Sedangkan hukum sunnah jika dilihat dari kemungkinan untuk meninggalkannya terbagi menjadi:

-Sunnah hadyu: perbuatan yang dituntut melakukannya kareba begitu besar faidah yang didapat dan orang
yang meninggalkannya tercela, seperti azan, sholat berjamaah, sholat hari raya.

-Sunnah zaidah: sunnah yang apabila dilakukan oleh mukalaf dinyatakan baik tapi bila ditinggalkan tidak
diberi sanksi apapun. Misalnya mengikuti yang biasa dilakukan nabi sehari-hari seperti makan, minum,
dan tidur.

-Sunnah nafal: suatu perbuatan yang dituntut tambahan bagi perbuatan wajib seperti sholat tahajud.
3. Makruh

Makruh secara bahasa artinya mubghadh (yang dibenci). Jumhur ulama mendefinisikan makruh adalah
larangan terhadap suatu perbuatan tetapi larangan tidak bersifat pasti, lantaran tidak ada dalil yang
menunjukkan haramnya perbuatan tersebut.

Makruh dibagi 2 yakni:

-Makruh tahrim yakni sesuatu yang dilarang oleh syariat secara pasti contohnya larangan memakai
perhiasan emas bagi laki-laki.

-makruh tanzih yakni sesuatu yang diajurkan oleh syariat untuk meninggalkannya, tetapi larangan tidak
bersifat pasti contohnya memakan daging kuda saat sangat butuh waktu perang.

4. Mubah

Hukum Islam berikutnya yakni mubah. Mubah adalah titah Allah yang memberikan kemungkinan untuk
memilih antara mengerjakan atau meninggalkan. Bila mengerjakan tidak diberi ganjaran.

5. Haram

Muharram secara bahasa artinya mamnu' (yang dilarang).
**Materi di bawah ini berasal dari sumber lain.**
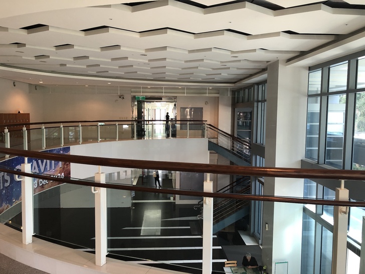 再來走到平面圖右方到底的測試點1位置,轉身面對演講廳方向測速。
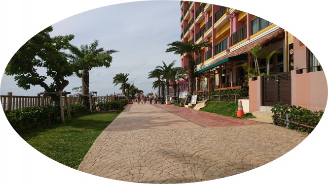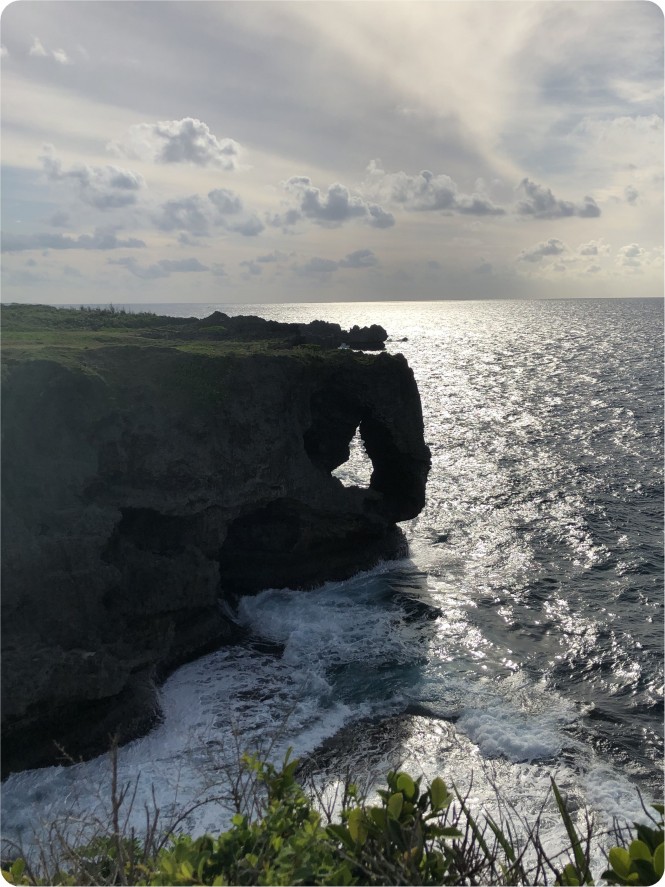 1日目は、旧海軍司令部壕を見学 ⇒ 宜野湾・アメリカンビレッジでショッピング ⇒ 景勝地・万座毛を見学 ⇒ 宿泊先の恩納村へ(ルネッサンスリゾートオキナワ)

Menurut madzah hanafi, hukum haram harus
didasarkan dalil qathi yang tidak mengandung keraguan sedikitpun sehingga kita tidak mempermudah
dalam menetapkan hukum haram, sebagaimana QS An Nahl ayat 116.

Menurut Jumhur para ulama, hukum haram terbagi:


-Al Muharram li dzatihi: sesuatu yang diharamkan oleh syariat karena esensinya mengandung
kemadharatan bagi kehidupan manusia. Contoh makan bangkai, minum khamr, berzina.
-Al Muharram li ghairihi: sesuatu yang dilarang bukan karena essensinya tetapi karena kondisi eksternal
seperti jual beli barang secara riba.